I've tested the ignition switch per page 149-02 of the 97 Ford service manual, the switch passed all checks. I've ohms and volt tested the wiring from the ignition switch to the fuse, from the fuse to the CPP, replaced the CPP, checked the wiring from the CPP to the starter relay, and replaced the starter relay. In other words.....every wire and component in that circuit has checked good or been replaced. I've also removed, cleaned and reinstalled the battery power and ground leads at the block, frame and starter.

I even went so far as to jump the fuse (#24) hoping to smoke whatever component is causing the short, and all it did was smoke my jumper. After that I puled apart the fuse panel itself to see if there was a wire crossed there and the ***** looks brand new.

I am at a complete loss for where to look next.......anybody got anything?

arctic y block 07-14-2007 12:10 PM

What else works off that fuse besides the clutch switch? I would look to that.

cookie88 07-14-2007 12:34 PM

That's part of the problem....I can find nothing else on that fuse. On vehicles equipped with a passive anti-theft system the starter interrupt relay is powered off that fuse, but this truck is isn't a PATS truck.

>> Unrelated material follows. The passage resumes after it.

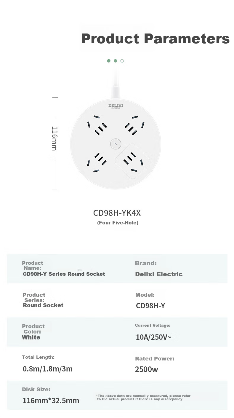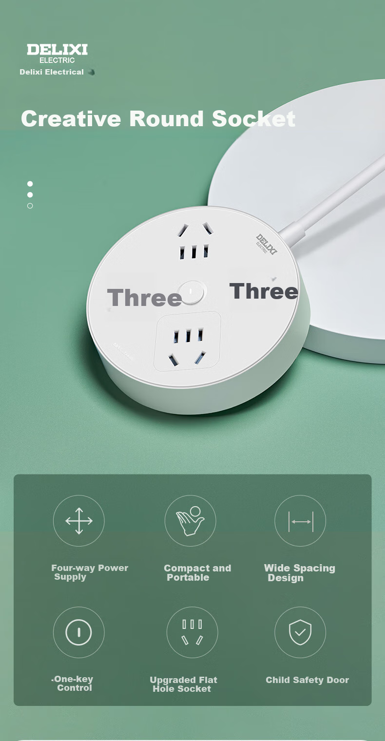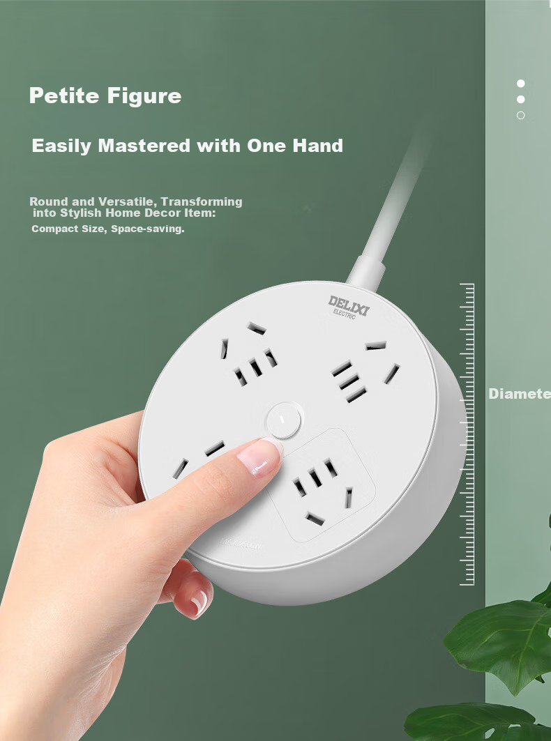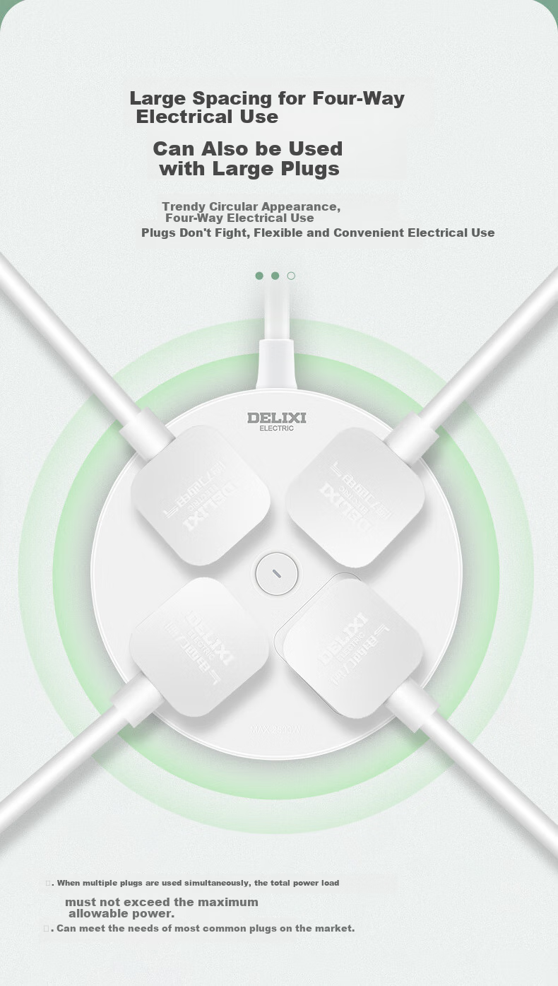 Features: Creative round socket design, four-way power supply, compact and portable, child protection door, upgrade to flat plug socket, one-key master control switch, modern round appearance, child-friendly design, multiple protections for safety, compact size for easy handling, transparent master control switch, upgraded flat plug hole design, reduced risk of foreign object insertion, suitable for most conventional plugs.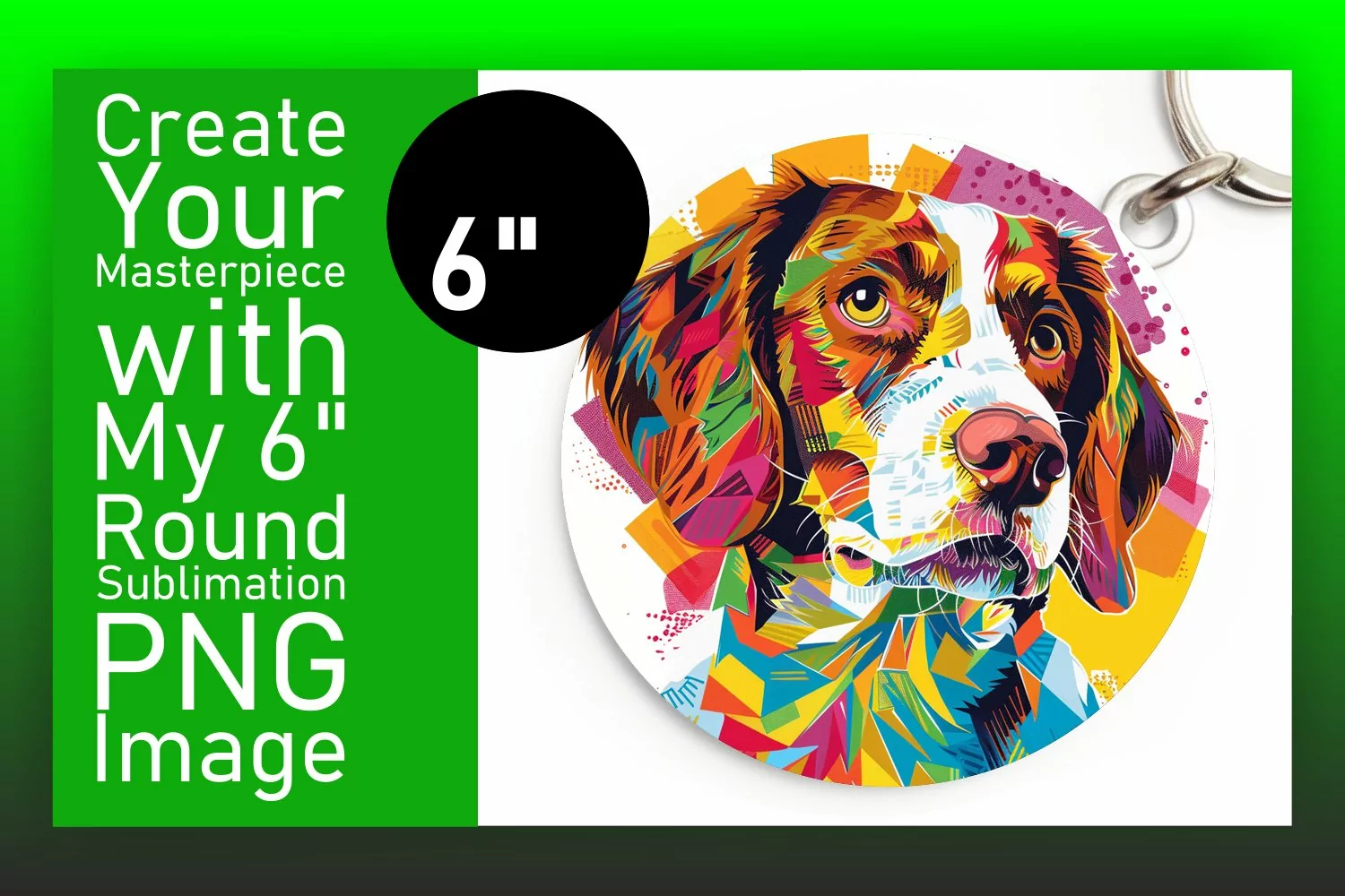 Creative Abstract Dog Round Design Keychain Sublimation

tjbeggs 07-14-2007 04:07 PM

Scott have you used your ohm meter to test for a short to ground in the wiring? by that I mean hook the ground lead to a good ground and the positive to different parts of your wiring harness. I will try to look at a wiring diagram when i get down to the shop tonight or tomorrow.

cookie88 07-14-2007 09:41 PM

Yep. I've checked for continuity and ground at the ignition switch, fuse block, clutch switch and start relay.........just scratching my head.

I'm about to the point that I'll just hook up a jumper wire on the relay with a push button and forget about fixing it.

RangerPilot 07-15-2007 12:48 AM

One thing to note, I believe disconnecting or otherwise jumpering the CPP switch may cause issues with the cruise control and clutch usage. Then again, I think most of us are smart enough not to hit the clutch when the cruise is on.

cookie88 07-17-2007 02:04 PM

Well....this story ends on a positive note. The truck is fixed and starting/running fine.

The moral of the story is don't trust technology...or don't forget the old school.

The short of it is.....my DVOM lied to me. Knowing that I had already checked and or replaced every part of the system, I started over old school. Made myself up a jumper wire and started jumping each segment of wire from the ignition to the fuse to the CPP to the relay. The short is in the section of wire between the CPP and the starter relay.....probably at the factory splice through the firewall. Replaced that section of wire and all is well.

Thanks to all who put into this thread. I appreciate it. And to those with manual trannies......beware fuse #24. :)

cddz 07-17-2007 02:10 PM

Awesome glad to hear you figured it out!